**** Records supplied ****
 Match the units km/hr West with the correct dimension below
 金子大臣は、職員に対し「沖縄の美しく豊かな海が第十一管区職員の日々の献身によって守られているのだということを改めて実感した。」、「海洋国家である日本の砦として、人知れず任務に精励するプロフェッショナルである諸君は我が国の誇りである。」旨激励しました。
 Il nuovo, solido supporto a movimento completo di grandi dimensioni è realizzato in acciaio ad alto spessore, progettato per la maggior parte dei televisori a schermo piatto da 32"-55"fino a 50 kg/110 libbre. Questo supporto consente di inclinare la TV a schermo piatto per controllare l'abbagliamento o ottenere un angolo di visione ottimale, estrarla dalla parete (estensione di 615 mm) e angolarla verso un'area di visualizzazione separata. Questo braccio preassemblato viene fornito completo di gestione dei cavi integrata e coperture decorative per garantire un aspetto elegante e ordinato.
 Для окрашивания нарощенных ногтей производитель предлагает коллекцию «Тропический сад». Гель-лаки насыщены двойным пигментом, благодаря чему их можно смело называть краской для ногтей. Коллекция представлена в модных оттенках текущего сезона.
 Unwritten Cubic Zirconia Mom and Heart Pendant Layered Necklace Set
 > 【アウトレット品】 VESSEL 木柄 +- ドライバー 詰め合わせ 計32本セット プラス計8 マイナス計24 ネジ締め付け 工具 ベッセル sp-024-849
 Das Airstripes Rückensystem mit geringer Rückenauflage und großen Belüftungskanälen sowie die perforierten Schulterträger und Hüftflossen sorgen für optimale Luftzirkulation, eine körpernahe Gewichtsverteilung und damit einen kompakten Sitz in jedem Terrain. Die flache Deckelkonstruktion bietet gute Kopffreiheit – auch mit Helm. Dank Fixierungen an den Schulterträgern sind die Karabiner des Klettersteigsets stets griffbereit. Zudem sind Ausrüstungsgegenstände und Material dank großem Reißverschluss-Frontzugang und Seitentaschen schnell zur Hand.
****
**** Records supplied ****
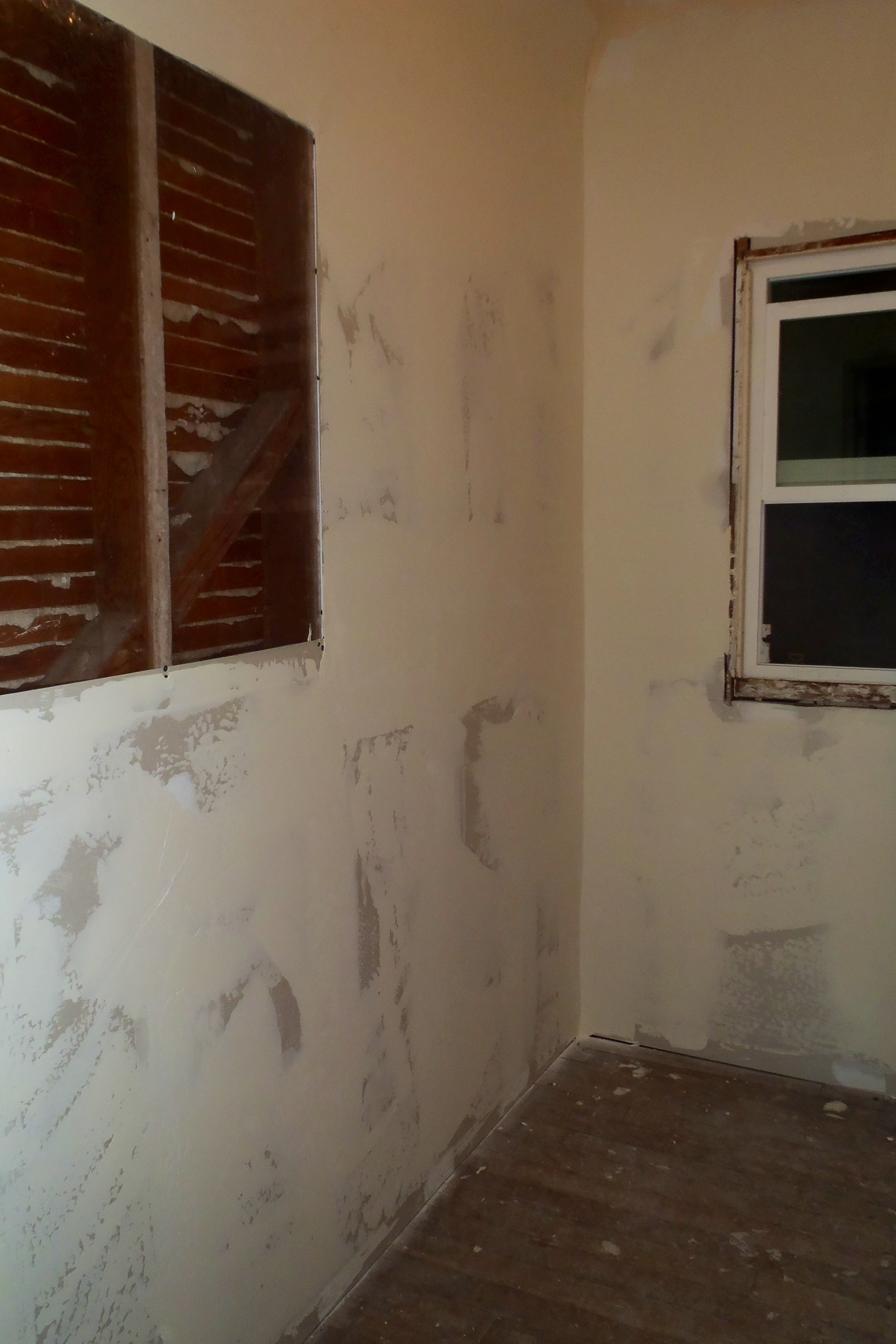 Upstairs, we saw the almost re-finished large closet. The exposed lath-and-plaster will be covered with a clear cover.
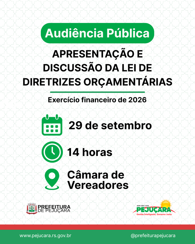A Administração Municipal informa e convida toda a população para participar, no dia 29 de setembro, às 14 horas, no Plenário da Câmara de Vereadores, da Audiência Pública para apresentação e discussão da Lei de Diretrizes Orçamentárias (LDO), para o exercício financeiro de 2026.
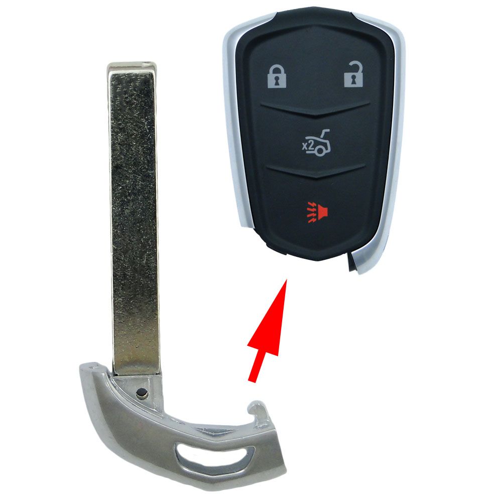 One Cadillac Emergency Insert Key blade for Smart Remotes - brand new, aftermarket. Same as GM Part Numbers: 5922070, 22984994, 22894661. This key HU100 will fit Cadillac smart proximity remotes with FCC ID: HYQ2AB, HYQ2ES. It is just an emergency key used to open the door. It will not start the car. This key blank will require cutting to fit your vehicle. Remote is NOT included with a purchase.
****
▸ What the task asks
From the listing above, the lines starting with the one that has "Match the units" and running through the one that has "Unwritten Cubic Zirconia" should be copied exactly, ends included.

▸ Output of the exercise
 Match the units km/hr West with the correct dimension below
 金子大臣は、職員に対し「沖縄の美しく豊かな海が第十一管区職員の日々の献身によって守られているのだということを改めて実感した。」、「海洋国家である日本の砦として、人知れず任務に精励するプロフェッショナルである諸君は我が国の誇りである。」旨激励しました。
 Il nuovo, solido supporto a movimento completo di grandi dimensioni è realizzato in acciaio ad alto spessore, progettato per la maggior parte dei televisori a schermo piatto da 32"-55"fino a 50 kg/110 libbre. Questo supporto consente di inclinare la TV a schermo piatto per controllare l'abbagliamento o ottenere un angolo di visione ottimale, estrarla dalla parete (estensione di 615 mm) e angolarla verso un'area di visualizzazione separata. Questo braccio preassemblato viene fornito completo di gestione dei cavi integrata e coperture decorative per garantire un aspetto elegante e ordinato.
 Для окрашивания нарощенных ногтей производитель предлагает коллекцию «Тропический сад». Гель-лаки насыщены двойным пигментом, благодаря чему их можно смело называть краской для ногтей. Коллекция представлена в модных оттенках текущего сезона.
 Unwritten Cubic Zirconia Mom and Heart Pendant Layered Necklace Set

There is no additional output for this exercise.